The best way to evaluate your embedding models!

IMPORTANT: rankwise is in an early stage of development; the interface may change without further notice.

Description

rankwise is a benchmark CLI tool for evaluating the quality of embedding models with your own dataset.

It also facilitates the generation of datasets using LLM models.

Getting Started

Pre-requisites

Installation

  • Install dependencies:
poetry install

Executing program

  • Activate the Poetry Shell:
poetry shell
  • Run the generate command to create a dataset containing questions and their related documents in JSONL format from a data.jsonl file with one document (a json encoded string) per line.
API_KEY=xxx rankwise generate --model "azure_openai.AzureOpenAI(model='gpt-4o',deployment_name='gpt-4o',api_version='2023-07-01-preview',azure_endpoint='https://your-azure-endpoint',api_key=ENVVAR('API_KEY'))" --questions-count 3 --input data.jsonl > dataset.jsonl

This command uses the given LLM model to generate the specified number of questions for every document in the input file.

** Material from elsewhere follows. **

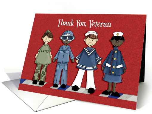 | Artist Notes: | Send thanks to a special Veteran with this military themed card with cartoon-style images of four branches of the military, including the Army, Air Force, Navy and Marine on red background with red, white a blue strip. Created with artwork from DigiWeb Studio. |
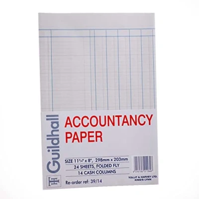 Exacompta Ref 39/14Z Guildhall A4 Accountancy Paper, 298 x 203mm, 24 Sheets of Faintly Ruled 95gsm Ledger Quality 14 Cash Columns, Loose

  • Run the classify command to classify the generated questions as good/bad using a given classification model.

    • If you want to use a cross-encoder model, you can use the following command:
    API_KEY=xxx rankwise classify cross-encoder --input dataset.jsonl --cross-encoder-model "cross_encoder.CrossEncoder('BAAI/bge-reranker-v2-m3', default_activation_function=torch.nn.Sigmoid())" --output-file classified_dataset.jsonl
    • If you want to use an embedding model, you can use the following command:
    API_KEY=xxx rankwise classify cosine-similarity --input dataset.jsonl --embedding-model "azure_openai.AzureOpenAIEmbedding(model='text-embedding-3-large',deployment_name='azure-text-embedding-ada-002',api_version='2023-07-01-preview',azure_endpoint='https://your-azure-endpoint',api_key=ENVVAR('API_KEY'))" --output-file classified_dataset.jsonl
  • Run the evaluate classification command to evaluate your classification (from the classify command) against a ground truth dataset.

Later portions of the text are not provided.